Respiratory infections are one of the biggest killers in the western world, and pneumococcal infections can range from mild to potentially deadly. Children and the elderly are most at risk, as well as those with compromised immune systems. There are approximately 90 distinct pneumococcal serotypes and, although not all cause disease, this makes treatment challenging. An effective conjugate vaccine has been available since 2001, however there has been a rise in antibiotic resistance in serotypes not covered by this conjugate vaccine and previously non-infectious serotypes are increasing in virulence. This makes treatment of pneumococcal pneumonia and less severe illnesses such as otitis media more difficult to manage. Therefore finding new approaches to combat pneumococcal disease remains a high priority.

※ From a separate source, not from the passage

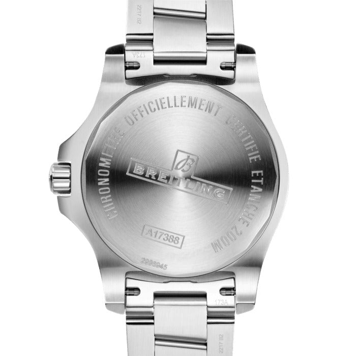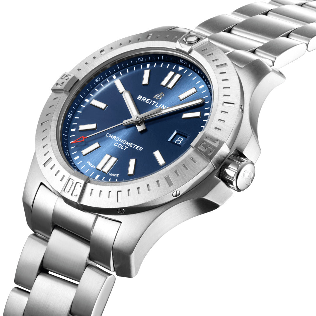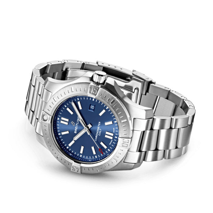 Breitling Chronomat Colt watch 44mm in stainless steel, Reference A17388101/C1A1. This model has sapphire crystal glare proofed on both sides. Blue dial with applied luminescent hour markers and luminescent filled hands. Red-tipped second hand. Unidirectional ratcheted rotating engraved Stainless Steel bezel. The watch is automatic with Breitling 17 self-winding movement with calendar via dial aperture, approximately 38 hours of power reserve. The watch presented on stainless steel Professional III bracelet with folding buckle. The water resistance is up to 200m/660ft (20ATM).

Pneumococcal sialidases show promise as targets for both vaccines and small molecule inhibitors as they are implicated in host colonisation and pathogenesis. They facilitate bacterial invasion of host cell surfaces and promote biofilm formation. S. pneumoniae bacteria contain up to three sialidase enzymes; Nan A, B and C. The structure of two of these enzymes – A and B – is known. However, high resolution structural information was required to uncover the structure of NanC, providing the final step in identifying how these enzymes work to sustain S. pneumoniae and how they could be targeted and disabled.
Scientists from Diamond Light Source and the University of St Andrews have used crystallographic techniques on Diamond’s I04 beamline to uncover the structure of the pneumococcal sialidase NanC. The structual studies have revealed a structurally rationalised and novel mechanism for the unusual production of Neu5Ac2en, a nonspecific inhibitor of hydrolytic sialidases, by the NanC sialidase and complete the structural description of the pneumococcal sialidase catalysis.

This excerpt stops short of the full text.